DATA SEGMENT =>
|---|
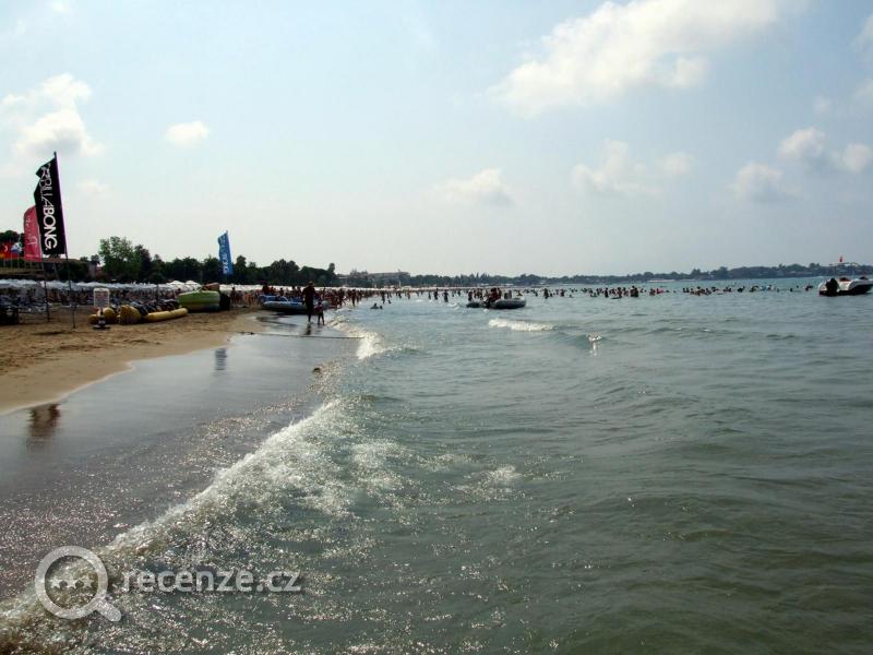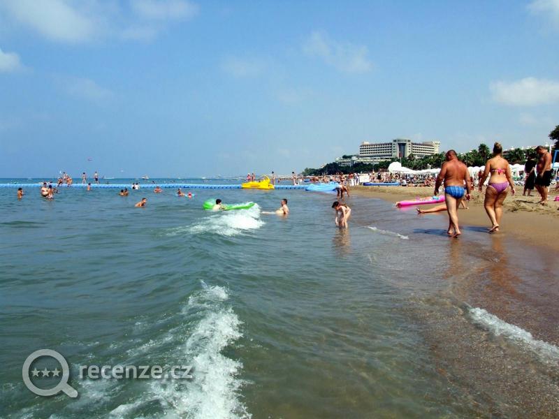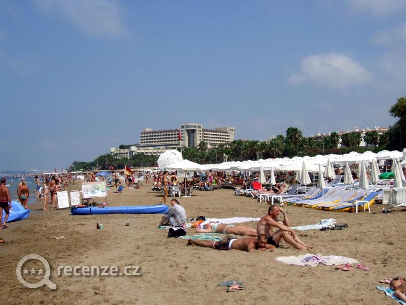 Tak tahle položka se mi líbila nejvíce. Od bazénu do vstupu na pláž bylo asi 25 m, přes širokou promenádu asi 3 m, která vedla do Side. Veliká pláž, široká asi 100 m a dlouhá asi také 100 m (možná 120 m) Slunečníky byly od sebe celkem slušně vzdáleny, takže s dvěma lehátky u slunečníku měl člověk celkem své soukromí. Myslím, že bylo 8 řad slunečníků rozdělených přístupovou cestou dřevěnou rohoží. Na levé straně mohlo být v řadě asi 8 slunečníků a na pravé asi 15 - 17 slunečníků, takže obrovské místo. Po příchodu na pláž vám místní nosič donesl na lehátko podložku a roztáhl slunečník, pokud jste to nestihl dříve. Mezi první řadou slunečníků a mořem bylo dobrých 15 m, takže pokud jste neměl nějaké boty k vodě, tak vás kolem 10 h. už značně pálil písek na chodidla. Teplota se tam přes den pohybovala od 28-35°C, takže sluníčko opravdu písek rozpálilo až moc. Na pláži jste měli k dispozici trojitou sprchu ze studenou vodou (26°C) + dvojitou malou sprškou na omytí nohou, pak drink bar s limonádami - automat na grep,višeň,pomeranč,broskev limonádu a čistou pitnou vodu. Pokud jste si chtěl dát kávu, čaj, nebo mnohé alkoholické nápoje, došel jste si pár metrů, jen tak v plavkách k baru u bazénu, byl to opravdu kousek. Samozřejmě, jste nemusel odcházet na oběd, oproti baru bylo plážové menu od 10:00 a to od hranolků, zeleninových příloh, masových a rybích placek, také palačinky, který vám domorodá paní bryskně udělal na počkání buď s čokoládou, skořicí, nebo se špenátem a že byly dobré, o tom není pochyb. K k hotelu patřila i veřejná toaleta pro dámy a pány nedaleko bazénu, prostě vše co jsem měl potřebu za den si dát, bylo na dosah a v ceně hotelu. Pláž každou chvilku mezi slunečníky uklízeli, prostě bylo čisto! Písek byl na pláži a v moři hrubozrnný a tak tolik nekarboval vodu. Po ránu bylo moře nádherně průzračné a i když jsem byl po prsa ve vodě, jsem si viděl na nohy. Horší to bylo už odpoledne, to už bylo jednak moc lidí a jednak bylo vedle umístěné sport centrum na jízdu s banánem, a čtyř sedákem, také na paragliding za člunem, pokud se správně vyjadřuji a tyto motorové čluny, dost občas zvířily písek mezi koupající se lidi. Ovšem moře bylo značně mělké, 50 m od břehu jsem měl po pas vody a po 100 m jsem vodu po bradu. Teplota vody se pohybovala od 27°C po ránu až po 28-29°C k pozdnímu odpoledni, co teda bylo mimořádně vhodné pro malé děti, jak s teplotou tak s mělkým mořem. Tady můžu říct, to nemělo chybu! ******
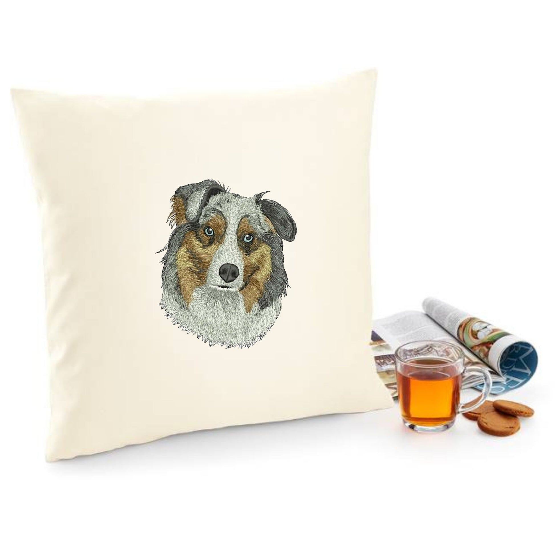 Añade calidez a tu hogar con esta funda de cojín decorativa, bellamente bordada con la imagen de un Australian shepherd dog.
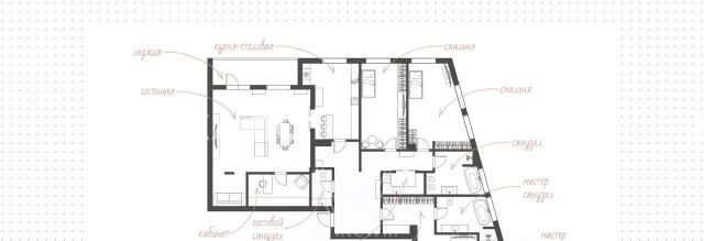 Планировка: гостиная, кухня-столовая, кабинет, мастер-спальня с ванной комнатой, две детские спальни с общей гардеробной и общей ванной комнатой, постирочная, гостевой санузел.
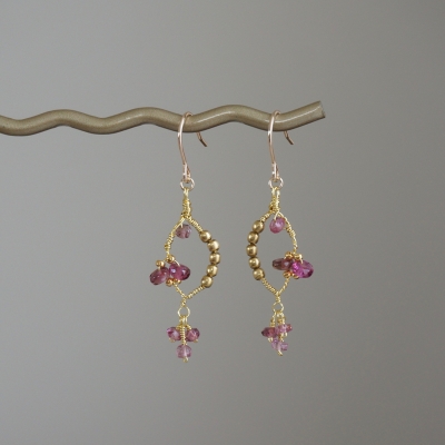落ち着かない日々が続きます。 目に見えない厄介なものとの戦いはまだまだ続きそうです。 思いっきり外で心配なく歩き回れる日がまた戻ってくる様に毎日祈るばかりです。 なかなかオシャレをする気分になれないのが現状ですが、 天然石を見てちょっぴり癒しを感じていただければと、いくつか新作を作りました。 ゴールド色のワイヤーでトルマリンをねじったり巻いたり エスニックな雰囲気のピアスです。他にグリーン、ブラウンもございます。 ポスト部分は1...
|---|
AIM OF THE EXERCISE => Reproduce the entire listing exactly, except for any pictures it contains.

RESULT OF THIS EXERCISE =>
 Tak tahle položka se mi líbila nejvíce. Od bazénu do vstupu na pláž bylo asi 25 m, přes širokou promenádu asi 3 m, která vedla do Side. Veliká pláž, široká asi 100 m a dlouhá asi také 100 m (možná 120 m) Slunečníky byly od sebe celkem slušně vzdáleny, takže s dvěma lehátky u slunečníku měl člověk celkem své soukromí. Myslím, že bylo 8 řad slunečníků rozdělených přístupovou cestou dřevěnou rohoží. Na levé straně mohlo být v řadě asi 8 slunečníků a na pravé asi 15 - 17 slunečníků, takže obrovské místo. Po příchodu na pláž vám místní nosič donesl na lehátko podložku a roztáhl slunečník, pokud jste to nestihl dříve. Mezi první řadou slunečníků a mořem bylo dobrých 15 m, takže pokud jste neměl nějaké boty k vodě, tak vás kolem 10 h. už značně pálil písek na chodidla. Teplota se tam přes den pohybovala od 28-35°C, takže sluníčko opravdu písek rozpálilo až moc. Na pláži jste měli k dispozici trojitou sprchu ze studenou vodou (26°C) + dvojitou malou sprškou na omytí nohou, pak drink bar s limonádami - automat na grep,višeň,pomeranč,broskev limonádu a čistou pitnou vodu. Pokud jste si chtěl dát kávu, čaj, nebo mnohé alkoholické nápoje, došel jste si pár metrů, jen tak v plavkách k baru u bazénu, byl to opravdu kousek. Samozřejmě, jste nemusel odcházet na oběd, oproti baru bylo plážové menu od 10:00 a to od hranolků, zeleninových příloh, masových a rybích placek, také palačinky, který vám domorodá paní bryskně udělal na počkání buď s čokoládou, skořicí, nebo se špenátem a že byly dobré, o tom není pochyb. K k hotelu patřila i veřejná toaleta pro dámy a pány nedaleko bazénu, prostě vše co jsem měl potřebu za den si dát, bylo na dosah a v ceně hotelu. Pláž každou chvilku mezi slunečníky uklízeli, prostě bylo čisto! Písek byl na pláži a v moři hrubozrnný a tak tolik nekarboval vodu. Po ránu bylo moře nádherně průzračné a i když jsem byl po prsa ve vodě, jsem si viděl na nohy. Horší to bylo už odpoledne, to už bylo jednak moc lidí a jednak bylo vedle umístěné sport centrum na jízdu s banánem, a čtyř sedákem, také na paragliding za člunem, pokud se správně vyjadřuji a tyto motorové čluny, dost občas zvířily písek mezi koupající se lidi. Ovšem moře bylo značně mělké, 50 m od břehu jsem měl po pas vody a po 100 m jsem vodu po bradu. Teplota vody se pohybovala od 27°C po ránu až po 28-29°C k pozdnímu odpoledni, co teda bylo mimořádně vhodné pro malé děti, jak s teplotou tak s mělkým mořem. Tady můžu říct, to nemělo chybu! ******
 Añade calidez a tu hogar con esta funda de cojín decorativa, bellamente bordada con la imagen de un Australian shepherd dog.
 Планировка: гостиная, кухня-столовая, кабинет, мастер-спальня с ванной комнатой, две детские спальни с общей гардеробной и общей ванной комнатой, постирочная, гостевой санузел.
落ち着かない日々が続きます。 目に見えない厄介なものとの戦いはまだまだ続きそうです。 思いっきり外で心配なく歩き回れる日がまた戻ってくる様に毎日祈るばかりです。 なかなかオシャレをする気分になれないのが現状ですが、 天然石を見てちょっぴり癒しを感じていただければと、いくつか新作を作りました。 ゴールド色のワイヤーでトルマリンをねじったり巻いたり エスニックな雰囲気のピアスです。他にグリーン、ブラウンもございます。 ポスト部分は1...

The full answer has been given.